Cool, so what concentration of microplastics would you accept in your food? Your drinking water? Your mother's breast milk (yes, microplastics are present there)?
A carbon-carbon bond is 0.154nm, and the polymer chain lengths of common plastics are in the few hundred to tens of thousands.
If those are a "serious threat", then I wonder what they think of petroleum jelly... which is basically the same structure with much shorter chains, and is even more reactive!
How much chemistry knowledge some of these fearmongers have is highly dubious.
According to the FDA such containers are not permitted for food use, only for chemical storage, such as pesticides.

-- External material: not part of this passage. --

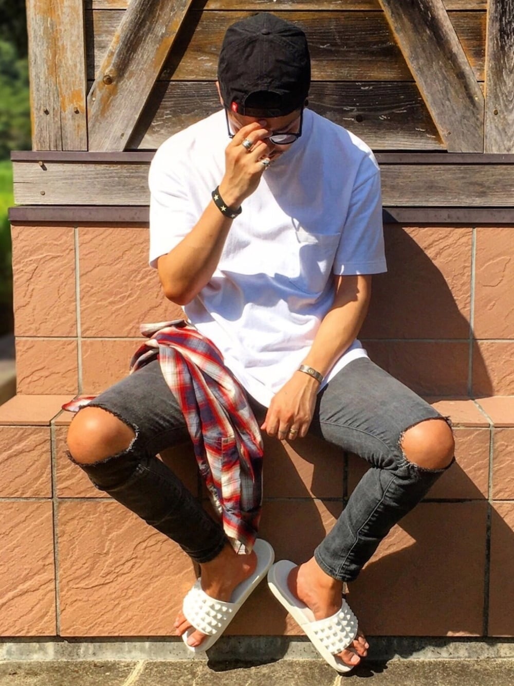 撮り溜め1 連投になるので間隔あけてアップ予定 ど定番のモノトーンサンドにオンブレねじ込み サンダル履き心地よし
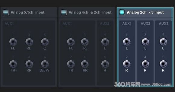 1. 输入输出选择:此车前门做主动2分音系统,在阿尔派H800的输入选择上4声道或2声道模式,4.2模式:对于前门两分频,后门同轴或套装喇叭,另加1个低音。

Additionally they are very very rare (only used where the chemical can't be contained in simpler plastics), and are not really where your attention should be on the hazards of plastics.
It checks out that a single unchecked self-reproducing cell could rapidly create a lot of them. I just thought there'd be control mechanisms to cause other cells to attack them.
Of course there are control mechanisms. The question is whether plastics are more or less carcinogenic than everything else we deliberately consume. All signs so far suggest less, far less.
Sure, sure. I was only interested in the no-minimum-threshold model and what were the causative things there. As always, I should have asked ChatGPT since it had a pretty good explanation.
Although this article seems to be more about particles from wear and tear on tires and clothes, which I always felt was a separate issue from plastic packaging that ends up in sea. But maybe I'm wrong about that.